Let All the Earth Keep Silence

Let All the Earth Keep Silence

Habakkuk’s struggle is a classic one: where is God when wicked people and evil nations flaunt his ways through oppression, violence, and arrogance?

God answers with a series of “Woes” that he puts into the mouths of the nations Babylon was oppressing. He says a lot, but his message could be distilled to this: Evil will not have the last say (if you have time, read the whole passage: Habakkuk 2:4-20).

We’ll talk about that some tomorrow, but because that was part of the message from Habakkuk 1 that we studied a few weeks ago, we’ll focus more on the nature of evil that God describes.

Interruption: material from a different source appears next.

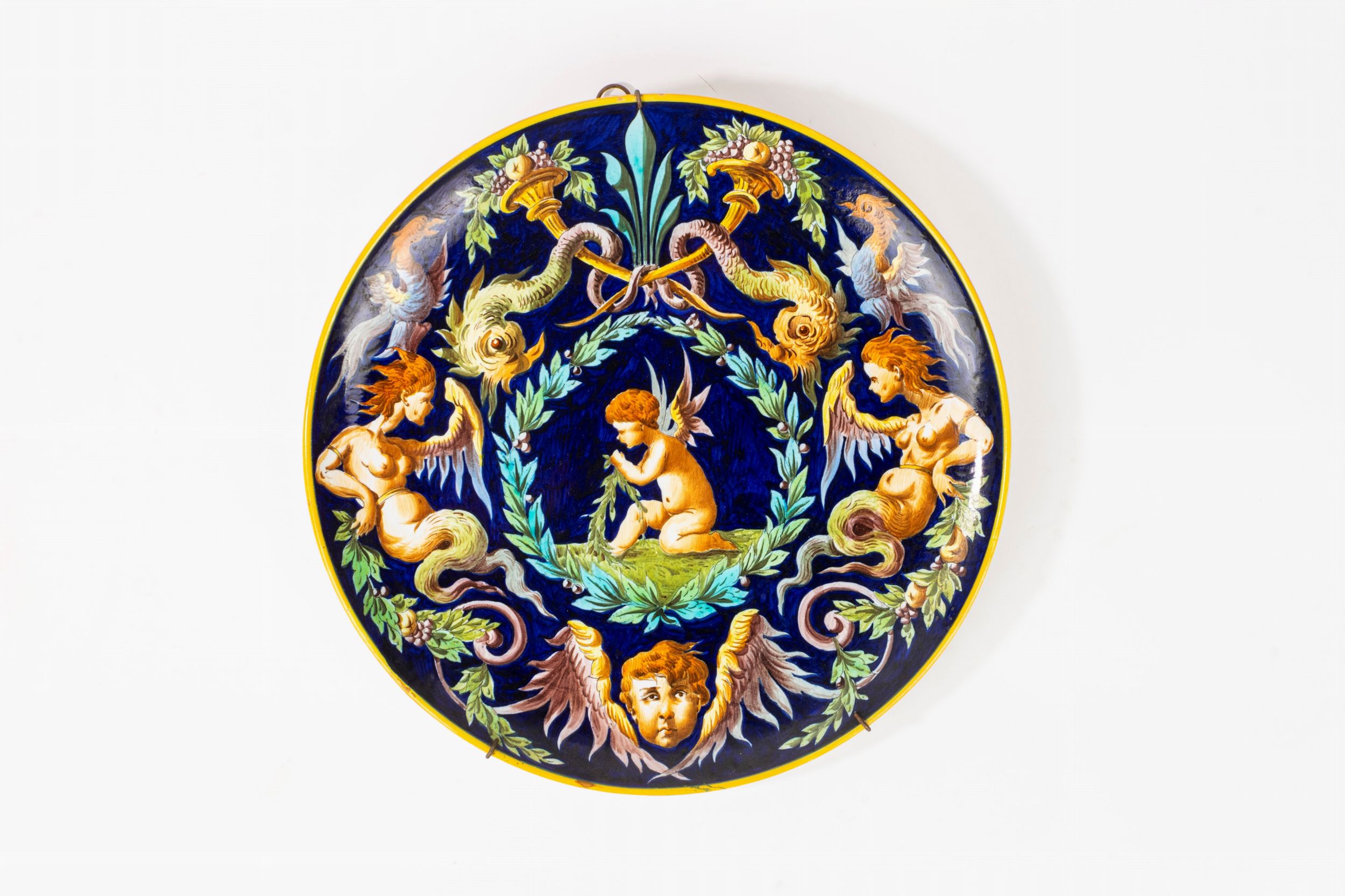 interamente decorato a grottesche e centrato da corolla con putto alato su fondo blu di cobalto, bordo profilato in giallo. Marcato e numerato in blu al retro

This text is a vivid description of the kinds of evil that affect every worldly system–from Egypt to Assyria to Babylon to Rome to . . . America and the UK and North Korea and Sudan. It manifests differently, of course, and it’s held in check to different extents and in different ways, but worldly systems are inherently corrupt.

Tomorrow we’ll focus on those characteristics that infect every earthly system: violence, extortion, lust for power, drunkenness, shamelessness, ecological abuse, idolatry. And we’ll spend a little time reflecting on how the corporate/national evil “out there” can sometimes become individual evil “in here” (i.e., in us).

In the midst of it all, though, the most important word will be this: “But the LORD is in his holy temple; let all the earth keep silence before him.